Recent Actions on Immigration Reform

Today’s article features recent action in Washington D.C. towards passage of Immigration Reform legislation. These actions can give us some clues as to what an eventual compromise might be.

First, the U.S. Senate last night passed the FY10 Department of Homeland Security Appropriations bill (H.R. 2892) which requires work place enforcement to prevent employers from continuing to employ undocumented workers.

Second, the Council on Foreign Relations has recommended “earned legalization, not amnesty” for an estimated 12 million illegal immigrants now living in the United States. To apply for residency they would need to pay taxes, learn English, pass background checks and pay fines.

Third, the Fairness to Surviving Spouses Act of 2009 (S. 815/H.R. 1870) would halt the deportation of individuals whose pending applications for green cards are not approvable because their U.S. citizen spouse died within the first two years of marriage.

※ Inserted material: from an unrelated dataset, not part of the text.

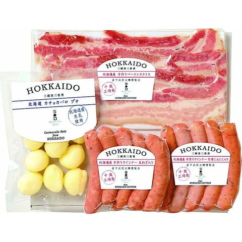 【数量・内容】三國推奨北海道産手作りウインナー(玉ねぎ入り・行者にんにく入り)/各110g、三國推奨北海道産手作りベーコンスライス/70g、三國推奨北海道カチョカバロプチ/88g
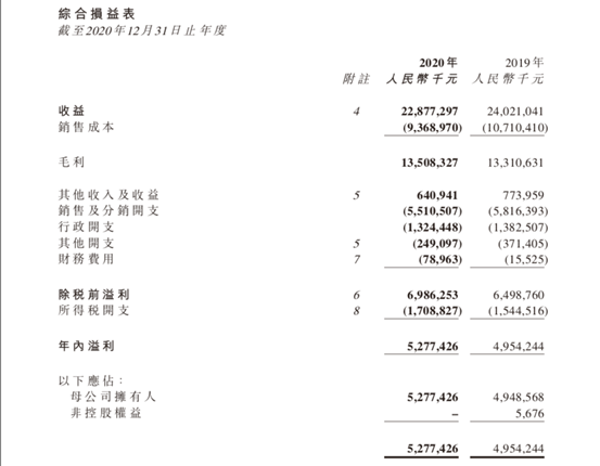 农夫山泉此前公布的年报显示,2020年全年总收入为228.77亿元,同比下滑4.8%;但归母公司拥有人净利为52.8亿元,同比增加6.6%;每股基本盈利为0.48元,同比增加4.3%。

These recent actions in Congress and policy positions of interested non governmental agencies demonstrate a trend of a slow, deliberate approach to reforms that would permit undocumented workers to apply for legal status and work authorization through either a family member or employer; but would also include tough enforcement actions by the government against employers who continue to hire illegal aliens and continued detentions and deportations of those attempting illegal entry or reentry into the United States. John Lee Carrico Esq.